Task details » Reproduce verbatim the line containing "主线通关后,元灵副本成为重要" and every line that follows it through the end of the entries below, omitting all pictures.

=== Section Start ===

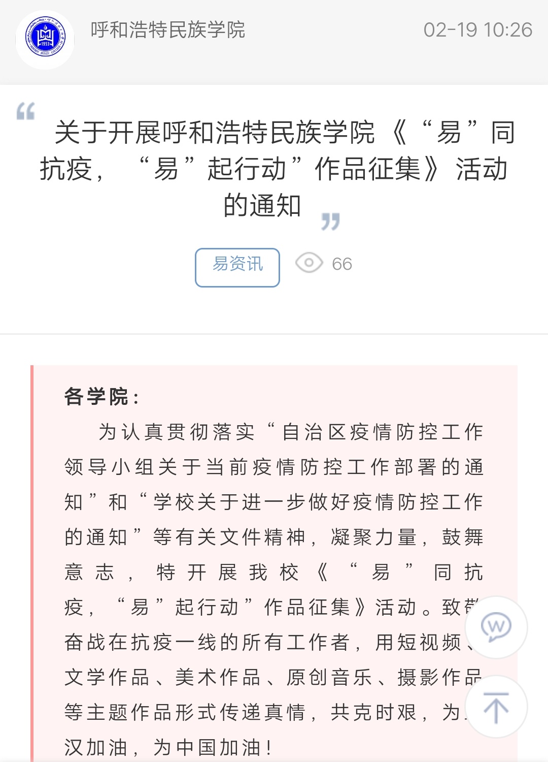 关于开展beat365英国官方网站 《“易”同抗疫, “易”起行动”作品征集》 活动的通知
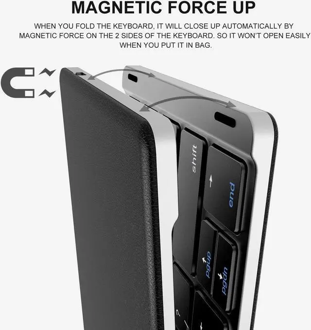 The keyboard features a lightweight, pocket-sized design. It is elegantly appointed with premium black leather exterior, gently snaps shut at the end of use with a magnetic closure, and easily fits into a laptop bag or a purse.
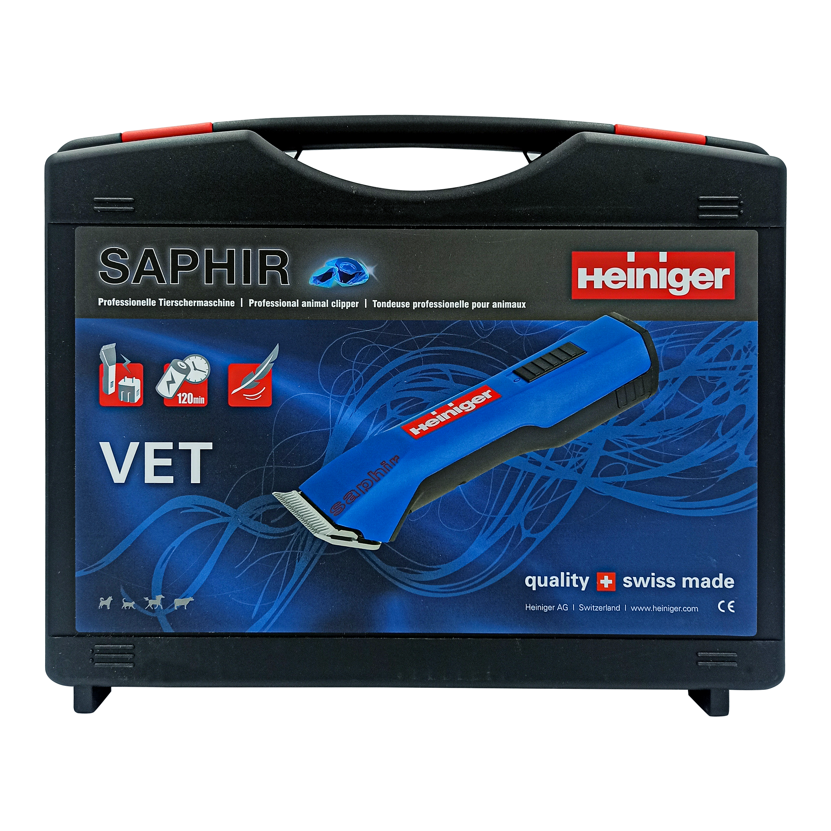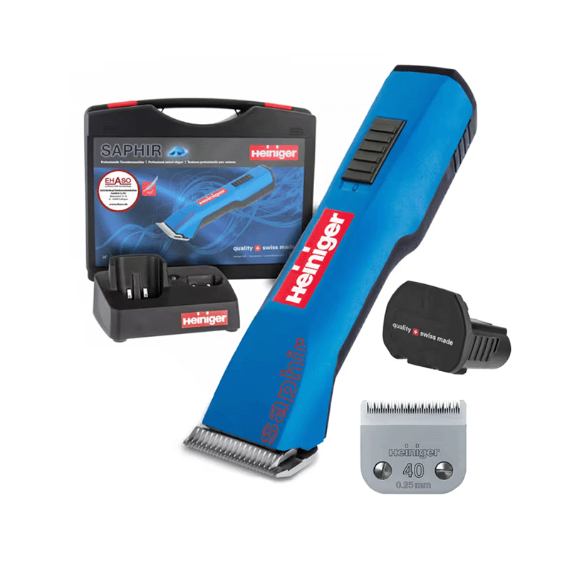 Akumulátorový holiaci strojček Heiniger Saphir VET je plne profesionálny prístroj na strihanie srsti zvierat. Vďaka svojim parametrom je najlepším dostupným akumulátorovým zastrihávačom na súčasnom trhu. Vo vnútri strojčeka sa nachádza zodpovedajúca čepeľ číslo 40 (0,25 milimetra). Poskytuje naozaj dôkladné oholenie, preto ho často používajú veterinári vykonávajúci chirurgické zákroky. Samozrejme, takúto čepeľ možno použiť aj na bežné strihanie.
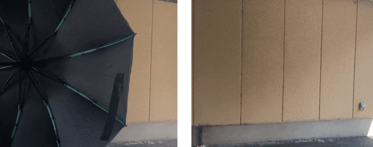 通常の傘は雨粒を振り落としても、どうしても傘に残ってしまい、置くと周りを濡らしてしまいます。
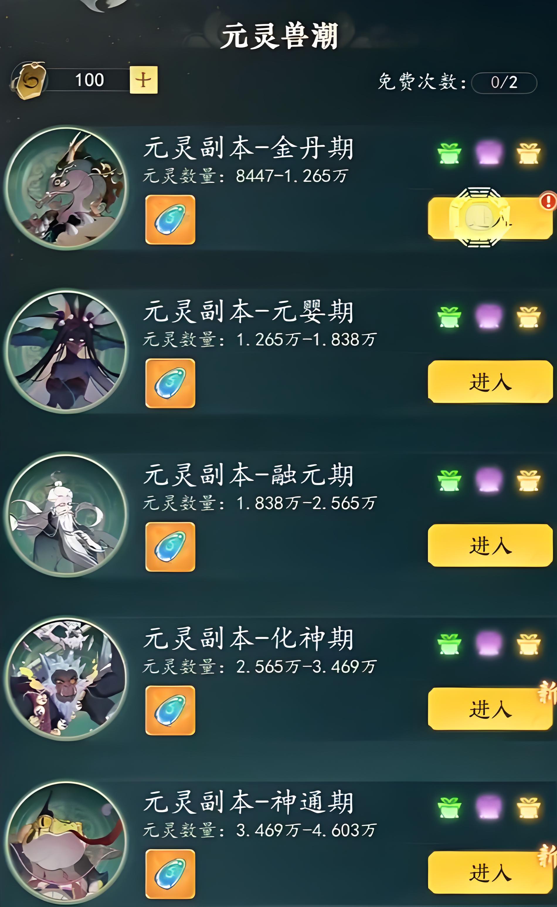 主线通关后,元灵副本成为重要日常内容。该副本支持按战力分级挑战,进入后将遭遇多波兽潮围攻。成功清剿全部怪物及最终BOSS,即可获取大量经验、通用货币,并享受高密度战斗带来的沉浸式“割草”体验;需注意的是,所有目标须在规定时限内完成击败。
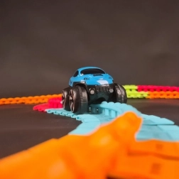 La structure flexible permet de créer des boucles, des spirales et des ponts. Chaque course est différente et le plaisir ne s’arrête jamais.
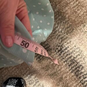 This dress is an excellent used condition. It has a beautiful color blocked design. The bottom is green with polkadots.

=== Section End ===

Completed exercise »
 主线通关后,元灵副本成为重要日常内容。该副本支持按战力分级挑战,进入后将遭遇多波兽潮围攻。成功清剿全部怪物及最终BOSS,即可获取大量经验、通用货币,并享受高密度战斗带来的沉浸式“割草”体验;需注意的是,所有目标须在规定时限内完成击败。
 La structure flexible permet de créer des boucles, des spirales et des ponts. Chaque course est différente et le plaisir ne s’arrête jamais.
 This dress is an excellent used condition. It has a beautiful color blocked design. The bottom is green with polkadots.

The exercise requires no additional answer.